The master brake cylinder is one of the most important components of your system and is how power is transferred to the brakes to clamp. It stores and distributes pressurised brake fluid to your vehicle’s wheels giving your vehicle the ability to stop. If your master cylinder has issues, then you’re going to have either inconsistent or weak braking ability.

Brake Lines and Hoses

These can be considered as the veins or arteries of the braking system; the lines and hoses transfer the fluid between all the components of the braking system. The transfer of fluid occurs when the brakes are pressed and then the pressure is distributed within the entire system.

Brake Calipers

Brake callipers are responsible for transferring pressure to generate friction on the wheels to make them stop. The transfer of pressure comes from the master cylinder so the callipers can do their job to slow the vehicle.

Brake Pads

The pads are where the friction occurs and helps to clamp onto the wheels to make them slow down. If we didn’t have this friction from the pads the ability to slow down would be much less efficient. Because these components get worn easily it’s recommended to replace them often.

Rotors and Wheels

Rotors are attached to the wheels in a disc brake system, the rotors are essentially the connection between the wheels and the braking system. The rotors get clamped by the callipers and brake pads when they transfer the hydraulic pressures that slow the wheels down.

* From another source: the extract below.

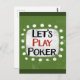 "Let's Play Poker" ist ein niedliches Textdesign mit einer weißen Akzent-Form umgeben von weißen texturierten whimsical Punkten.
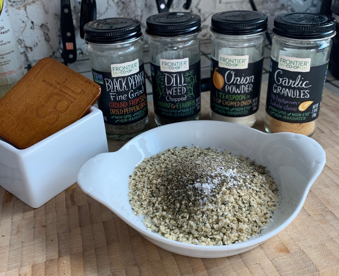 Next, cut the tofu in strips or cubes, drench both sides with leftover chickpea liquid and then coat in a mixture of hemp seeds, dill, salt, pepper, onion powder and garlic granulas.

Common Problems with Brakes

Now that we’ve established the components and working of a braking system, it’s important to look at some of the major issues we face with brakes.

Worn Brake Pads

If you hear a squeaky sound when you press on the brakes, then this is a good indication that your pads might need to be replaced. The sound is due to brake pads being worn down so much that there is either metal-to-metal contact or low padding. Luckily this is an easy fix and all you need to do is find replacement pads which is relatively cheap.

Air Within Brake Lines

If you’ve been braking and noticed that it’s softening that may be an indication that the brake lines have issues. The main problem that can arise is that air gets trapped within the lines and hoses. This is due to a leak in the lines which is usually caused by corrosion and will need to be checked out by a mechanic locally to assess the situation.

Brake Fluid Leakage

Similar to getting air within brake lines, fluid leakage can also be a common occurrence that is due to things like corrosion. The braking system requires lots of fluid to operate and high levels of pressure so any alteration to this balance may be the cause of issues. If you notice weakness in your brakes best to get them checked out by a professional.


The brake system is an essential part of your car, not only for performance but also for safety. While many drivers don’t pay so much attention to all the individual components of their vehicles the brakes are definitely something worth looking out for, if you can at least be aware of what any noises or weaknesses in brakes then it will help you spot problems early. Happy driving.